━━ Data provided ━━

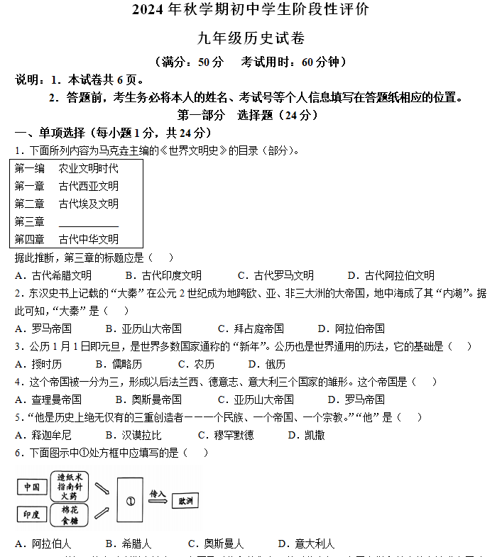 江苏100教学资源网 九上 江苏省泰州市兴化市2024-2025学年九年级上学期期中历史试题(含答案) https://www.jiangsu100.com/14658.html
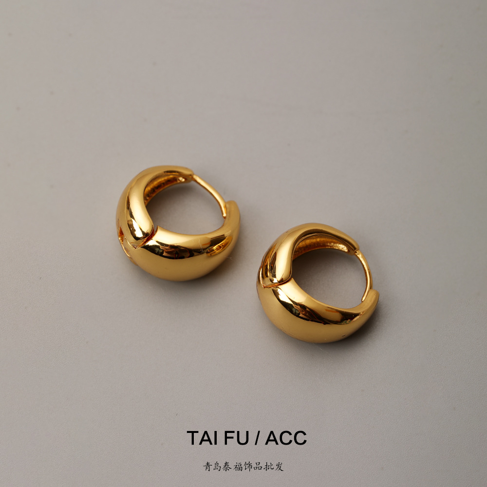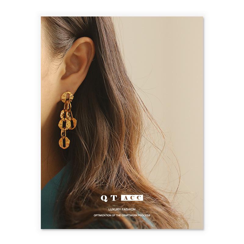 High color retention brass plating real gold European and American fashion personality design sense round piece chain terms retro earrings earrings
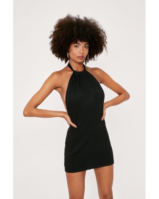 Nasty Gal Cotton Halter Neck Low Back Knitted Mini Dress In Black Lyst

━━━
━━ Data provided ━━

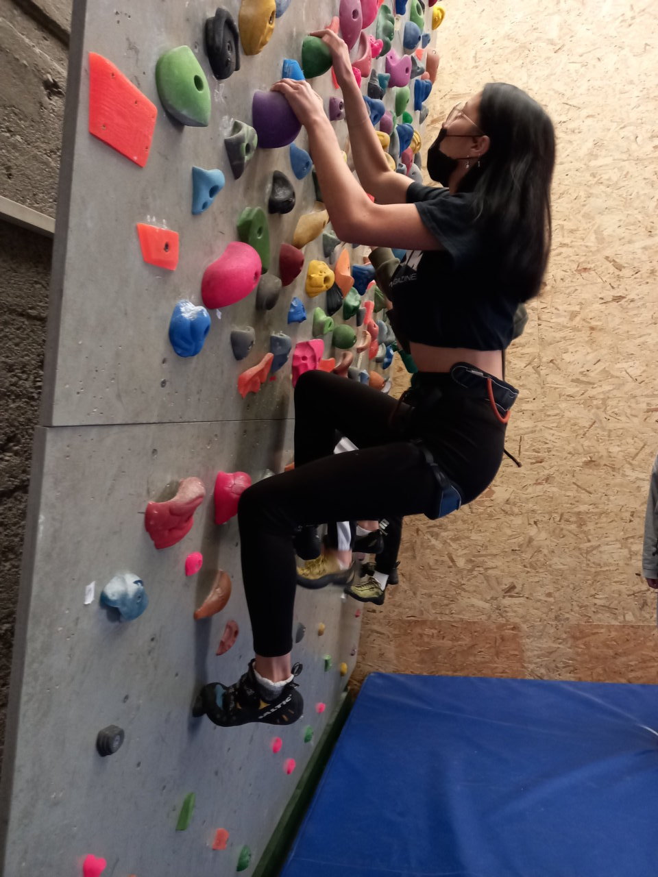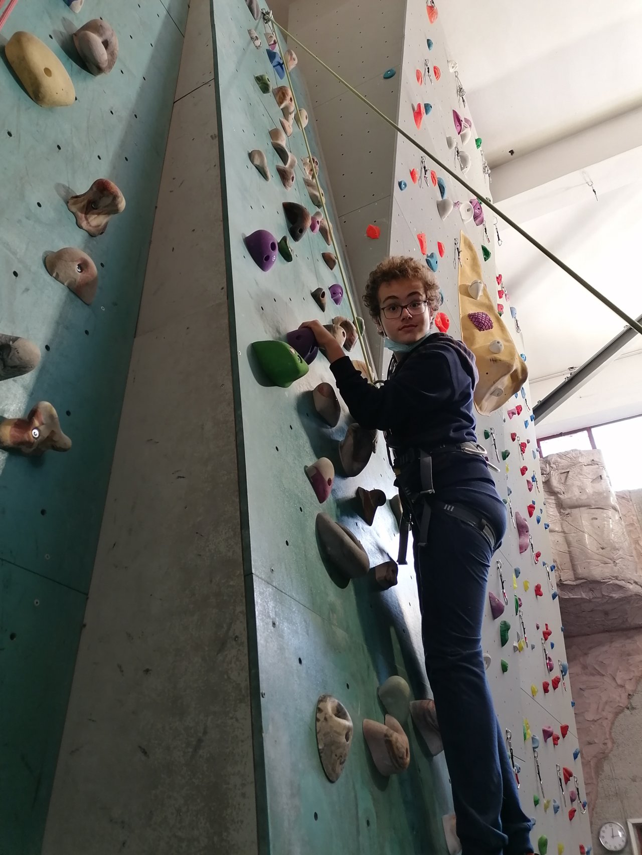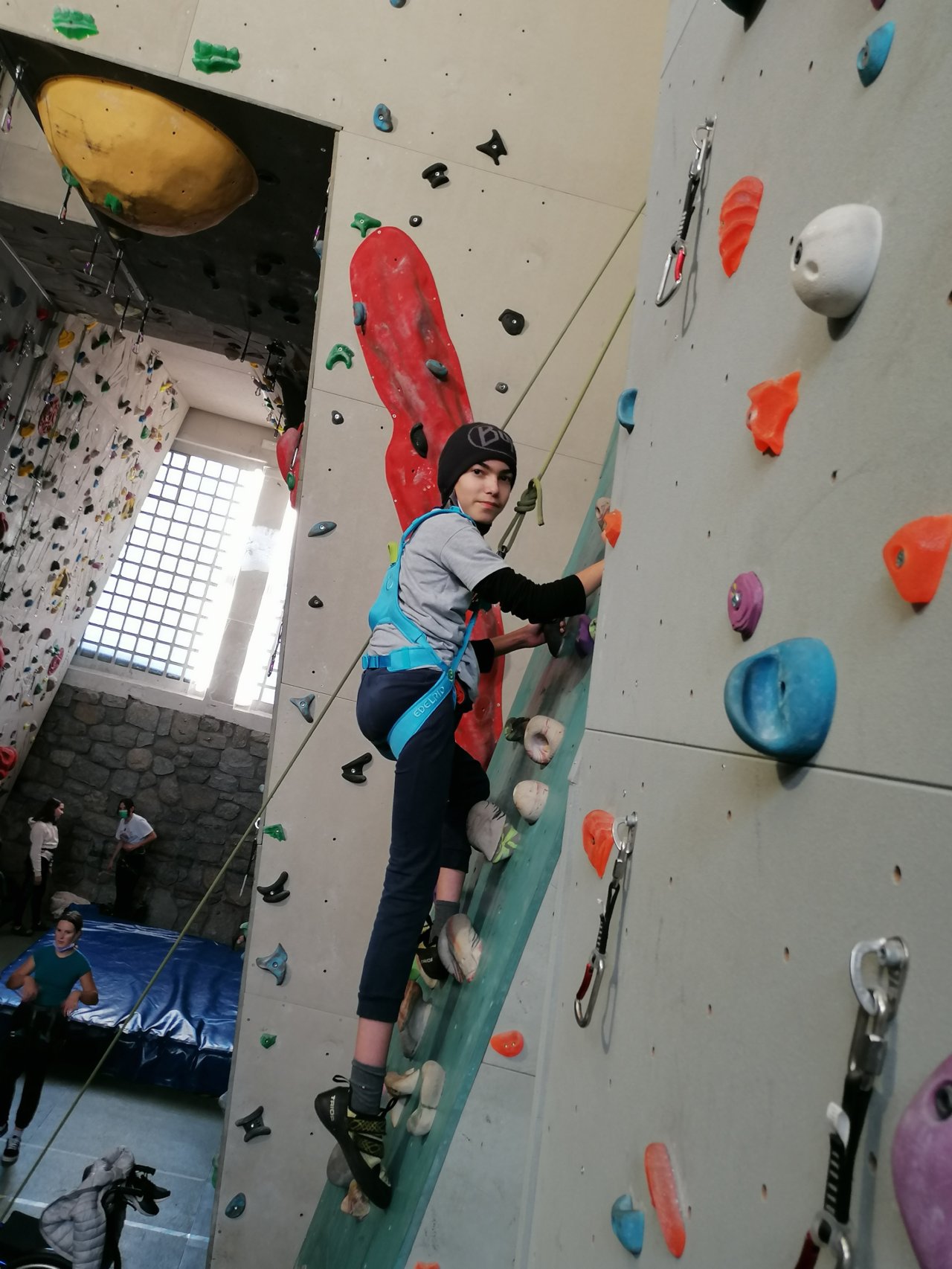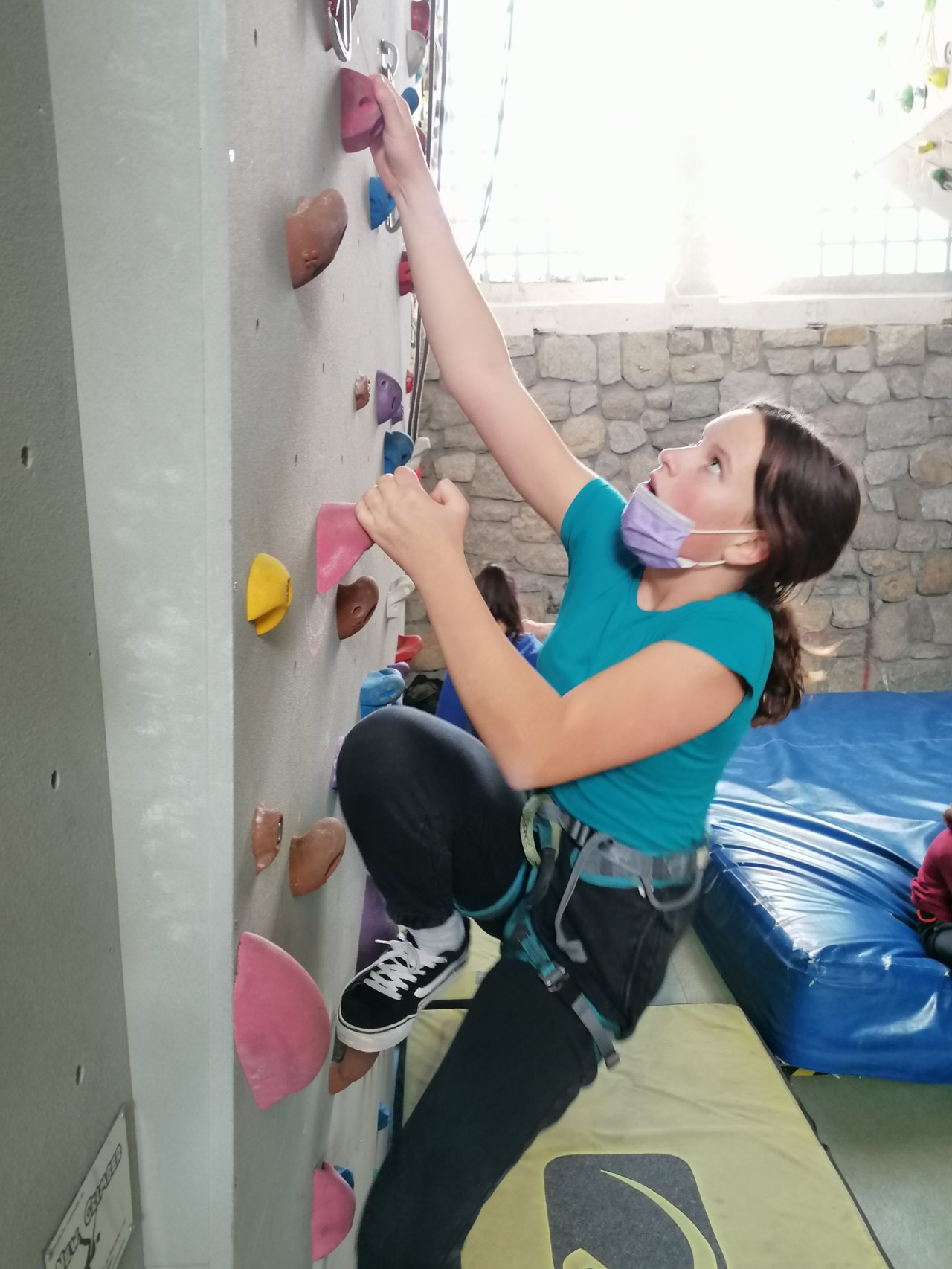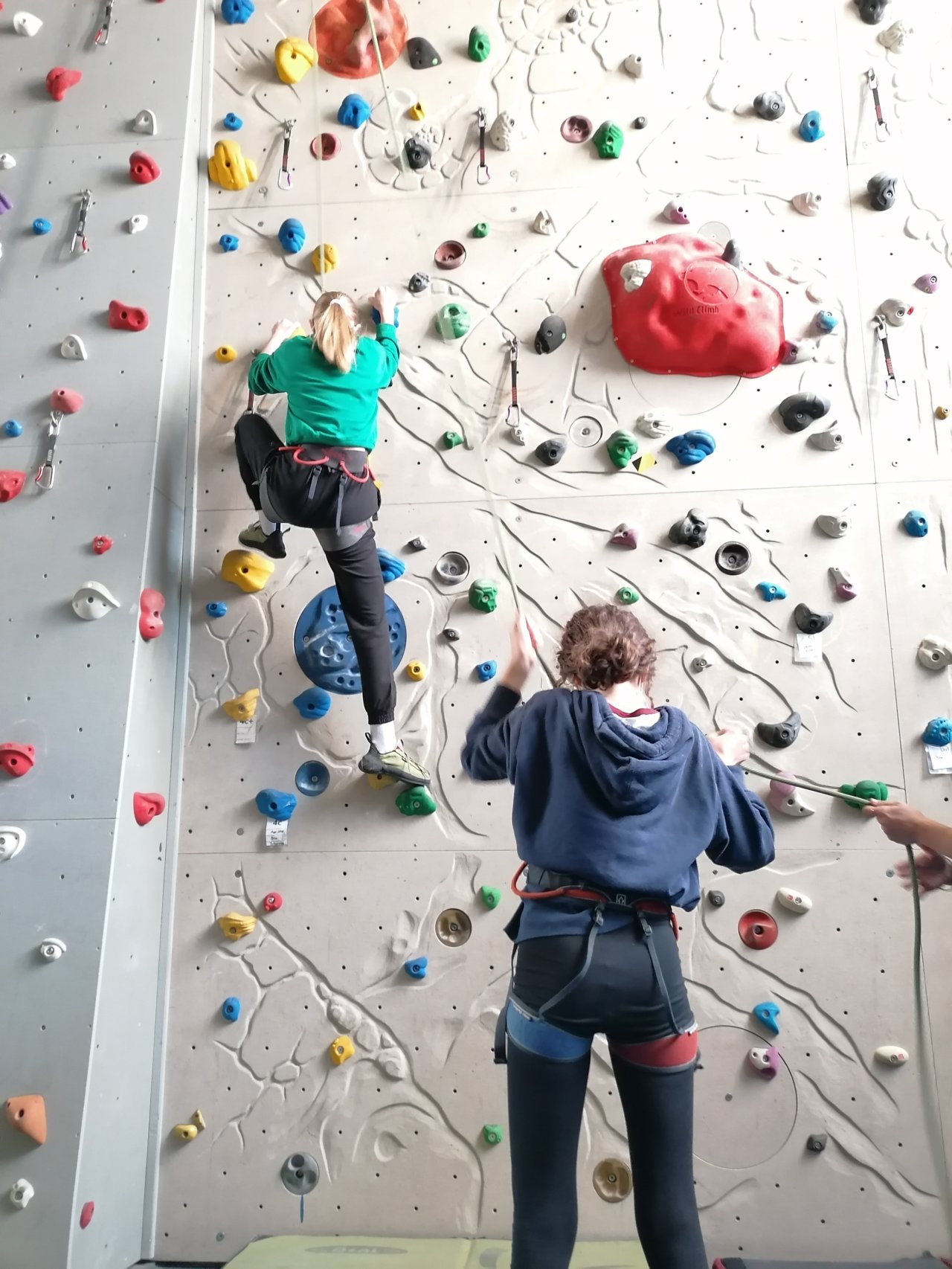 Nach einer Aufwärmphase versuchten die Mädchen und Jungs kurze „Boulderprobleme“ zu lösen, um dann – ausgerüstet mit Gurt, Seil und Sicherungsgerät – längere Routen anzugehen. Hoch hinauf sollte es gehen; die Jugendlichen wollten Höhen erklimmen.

━━━

__Task to complete__. Would you output only the span of the records above that opens with the line containing "江苏100教学资源网 九上 江苏省泰州市兴化市2024-2025学年九年级上学期期中历史试题(含答案)" and closes with the line containing "High color retention", ends included and pictures dropped?

__Exercise answer__.
 江苏100教学资源网 九上 江苏省泰州市兴化市2024-2025学年九年级上学期期中历史试题(含答案) https://www.jiangsu100.com/14658.html
 High color retention brass plating real gold European and American fashion personality design sense round piece chain terms retro earrings earrings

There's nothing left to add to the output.